Math4201 Topology I (Lecture 31)

$\mathbb{R}^\omega=\mathbb{R}\times \mathbb{R}\times \mathbb{R}\times \cdots$ with product topology.

where basis is

$$B=\{(a_1,b_1)\times (a_2,b_2)\times (a_3,b_3)\times \cdots\times \mathbb{R}\times \mathbb{R}\times \cdots \mid a_i,b_i\in \mathbb{R},a_i<b_i\}$$

all except finitely many of these open intervals are $\mathbb{R}$.

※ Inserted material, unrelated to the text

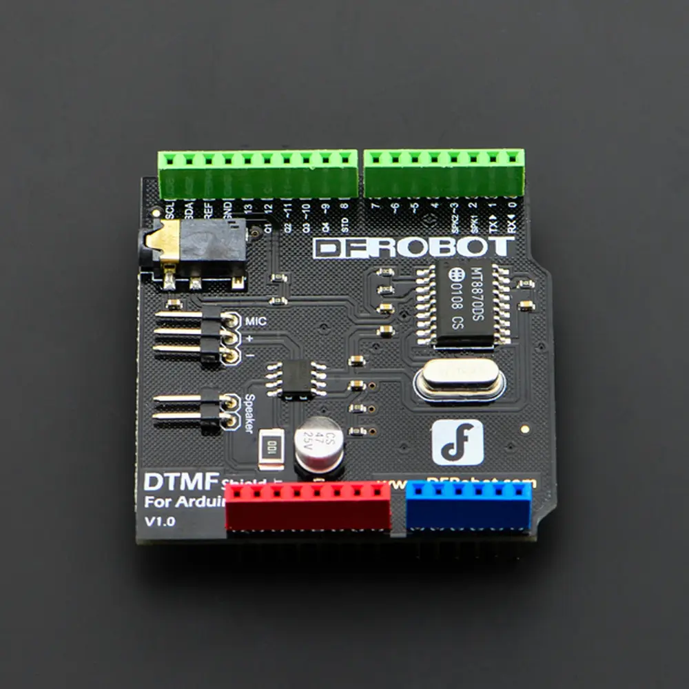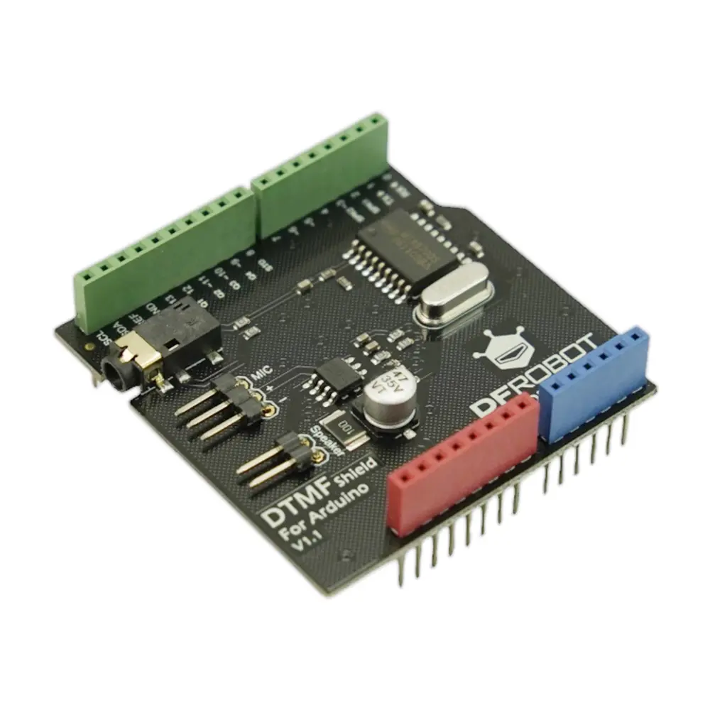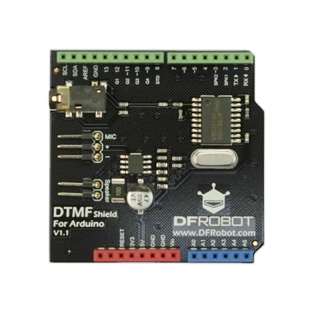 Stel je voor dat je geluid met een eenvoudig apparaat in actie kunt omzetten. Dit DTMF shield fungeert als een slimme brug tussen audiosignalen en je Arduino , waardoor je gewone telefoontonen kunt omzetten in krachtige commando's. Elke toetsaanslag op een telefoon produceert een uniek tweetonig geluid, en deze module decodeert die reeks moeiteloos. Zie het als een vertaler die de speelse piepjes van een telefoon vertaalt naar een taal die je projecten kunnen begrijpen.

This space isn’t locally compact.

Consider $\underline{0}=(0,0,0,...)\in \mathbb{R}^\omega$. If there is a compact subspace $K$ of $\mathbb{R}^\omega$ containing a neighborhood $U$ of $0$, then it should contain a basis element around $\underline{0}$.

And $\overline{U}\subseteq K$.

Since $\overline{U}$ is closed in $K$, it has to be compact.

But $\overline{U}=[a_1,b_1]\times [a_2,b_2]\times [a_3,b_3]\times \mathbb{R}\times \mathbb{R}\times \mathbb{R}\times \cdots$ which is not compact.

So we can find a open covering

$$V=\{[a_1,b_1]\times [a_2,b_2]\times [a_3,b_3]\times (-j,j)\times \mathbb{R}\times \mathbb{R}\times \cdots\mid j\in \mathbb{N}\}$$

which doesn’t have a finite subcover.

Let $Y=X\cup \{\infty\}$. as a set.

Topology on $Y$:

$U\subseteq Y$ is open if and only if either

1. $U\subseteq X$ and $U$ is open in $X$. ($\infty\notin U$)
2. $Y-U\subseteq X$ and $Y-U$ with the subspace topology from $X$ is compact. ($\infty\in U$)

We need to show that there is a topology on $Y$ that satisfies the definition.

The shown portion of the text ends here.